Energiewende

Windrad-Bauer wollen von Luftfahrt lernen

Mit über 180 Metern Höhe überragen heutige Windenergieanlagen inzwischen den Bremer Fallturm oder den Kölner Dom. Nicht nur diese Größenordnungen schaffen Parallelen zur Luftfahrt: Ein neue Forschungsprojekt der Bremer Universität und eines lokalen Anlagenbauers erfordert das Wissen, das die Uni-Wissenschaftler in Zusammenarbeit mit der Flugzeugindustrie um die Produktion extrem belasteter Leichtbauteile sammeln konnten. PREBLADE heißt das zweijährige Projekt.

21.11.2005

Rotorblätter von Windkraftanlagen sind heute bis zu 62 Meter lang und wiegen bis zu 20 Tonnen. Gefertigt werden sie aus einem Glas- oder Kohlefasergelege und Kunstharz, dem so genannten Matrixwerkstoff. Daraus entsteht dann ein Faserverbundwerkstoff. Das Fasergelege wird zugeschnitten und in eine Form eingelegt, anschließend wird das Harz zugeführt. Nachdem die Schalen in temperierten Formen unter Wärmezufuhr ausgehärtet sind, werden die Rotorblatthälften verklebt und nach nochmaligen Tempern entformt. Jetzt fehlen nur noch ein paar Nacharbeiten wie das Aufbringen der Beschichtung. Das alles geschieht überwiegend von Hand. Nun sollen einige der Schritte automatisiert werden.
 
"Sehr aufwändig und schwierig sind der Zuschnitt und das Platzieren des Geleges", erklärt PREBLADE-Projektleiter Ingo Gebauer. "Die Fasergelege müssen sorgfältig in die Form  drapiert werden. Dabei muss die Faserorientierung beibehalten werden." Das heißt: Die Ausrichtung der Fasern muss perfekt passen. Nichts darf quer oder faltig liegen. Hier greift das Forschungsvorhaben. Kein mühsames Schneiden, Schleppen, Zerren und Zupfen mehr - künftig soll ein Roboter diese Arbeiten erledigen. Schnell und präzise schneidet und platziert er das Glasfasergelege.

Die Fertigung von Rotorblättern ist sehr personalintensiv. Die Flügel werden überwiegend in Handarbeit hergestellt. "Der Personalkostenanteil beträgt dabei rund 50-60 Prozent", sagt Lars Weigel, Technischer Leiter bei der beteiligten Firma ROTEC. "Unsere Konkurrenz sitzt in Polen, Brasilien oder Mexiko, denn dort sind die Lohnkosten wesentlich geringer." Doch die ROTEC-Geschäftsleitung habe ein klares Bekenntnis zum Standort Lemwerder ausgesprochen: Man wolle sich unter anderem durch Qualität am Markt behaupten. "Wir werden künftig noch schneller und noch besser produzieren.
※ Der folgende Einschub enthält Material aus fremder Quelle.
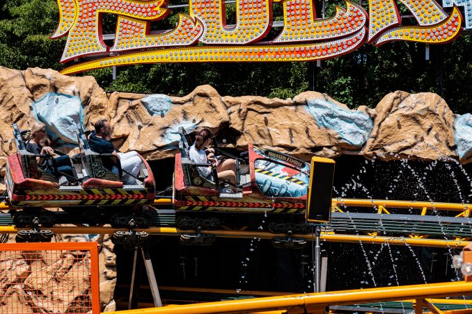 Die Fahrt geht über 280 Meter Schienen und ist bis 12 Meter hoch. Die Standfläche nimmt 42x22 Meter in Anspruch.

Deswegen wollen wir ein paar Bereiche in der Produktion automatisieren", sagt Weigel. "Damit sichern wir die Arbeitsplätze unserer Mitarbeiterinnen und Mitarbeiter vor Ort."
 
Windenergieanlagen werden immer leistungsfähiger und damit auch größer und schwerer. Insbesondere die Offshore-Anlagen im Meer vor der Küste sind extremen Belastungen ausgesetzt. "Das stellt neue Anforderungen an die Werkstoffe und auch an die Herstellung: "Die heutigen Fertigungsverfahren stoßen da bisweilen an ihre Grenzen", sagt Leiter Dieter Müller. "Hier können wir unser Wissen einbringen. Die Erfahrungen aus der Industrie - Abeking & Rasmussen zum Beispiel arbeitet seit 1926 auf diesem Gebiet - und das hier im Norden konzentrierte wissenschaftliche Know-how bieten eine solide Basis für einen wirtschaftlichen Erfolg." Zudem ermögliche die räumliche Nähe eine effektive Zusammenarbeit, bestätigt Weigel. Kooperationen zwischen Industrie und Forschung wie die im Projekt PREBLADE zeigten die große Dynamik im norddeutschen Raum und rechtfertigten es, genau hier ein Kompetenzzentrum für Windenergie anzusiedeln.